I don’t know if Wiman is right in his claim that calling comes along with a strong inner resistance to it. It certainly resonates with my own story (I have rarely been accused of “excessive enthusiasm”), but that doesn’t necessarily mean it’s true. It could just mean that birds of a feather flock together. It also jives with a few biblical figures—Moses, David, Jeremiah, Paul, and even Jesus could plausibly be construed as exhibiting a kind of reluctance in the face of what God had set before them. But of course, most of us can think of people who are both enthusiastic and credible—people whose lives and leadership are characterized by a settled, joyful confidence and conviction about what they are to be and do in the world. I admire these people. Truly. There is nothing inherently virtuous about reluctance.
For me, the interesting sentence in the quote above is this one:
Can I navigate this strong current, and can I remain myself while losing myself within it?”
Ah, yes. That’s the challenge.
I don’t speak for all pastors, I know, but on my more charitable days I assume that most of us embraced the call, however reluctantly, because we were hungry for God and for the things of God. This isn’t experienced in the same way by every person, of course, but most of us were, once upon a time, taken hold of by Christ and his way in the world, and felt compelled to respond to this, whether in writing or speaking or forming and serving communities of faith or whatever. But then, “the call” came to seem like something less than it once was. The existential longing that once drove us to Christ and his church gave way to budget meetings and “church revisioning” conferences and schedules and planning and administrative details that seem never to end and half-empty worship services and doom-and-gloom sociological prognostications about the future of the church. It can be very easy to lose yourself and what once animated you in the strong current of “business as usual.” Nothing so reliably kills existential urgency as “business as usual.”

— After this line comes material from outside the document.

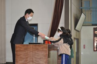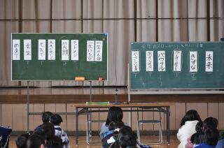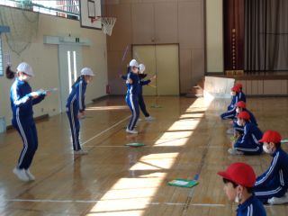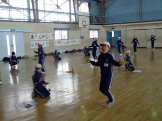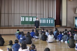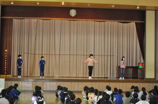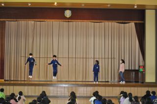 2月24日(金)の全校集会で、市環境ポスターコンクール、子ども災害事故防止習字ポスター展の表彰を行いました。また、なわとびの模範披露を行いました。なわとび記録会でも好記録を残した子ども達のすばらしい模範発表に大きな拍手をおくりました。

Whether we are reluctant or excessively enthusiastic or somewhere in between, I suspect that we all have moments in our lives and callings where we need to be reminded of and reanimated by the urgency, mystery, and excitement of what once drove us. Perhaps it is a conversation or a crisis, an unbidden moment of clarity, an unmerited act of mercy. Perhaps it’s a flash of light along the road, a still small voice in moments when we were quiet enough to actually listen. Who knows, it may even be a budget meeting or a visioning process. The risen Christ has all kinds of creative ways to remind and reroute his wayward children.
Or maybe it’s a few sentences on a page that call you back to what was once true, what you feel ought always to be true. A few sentences that remind you that life is, truly, a beautiful, terrifying, holy mystery. Like these, for example, from Wiman:
And all for what? Those moments of mysterious intrusion, that feeling of collusion with eternity, of life and language riled into one wild charge.
Ah yes, the feeling of “collusion with eternity.” The “one wild charge” that once lit a fire in our souls. A feeling and a charge that could almost drive one to excessive levels of enthusiasm.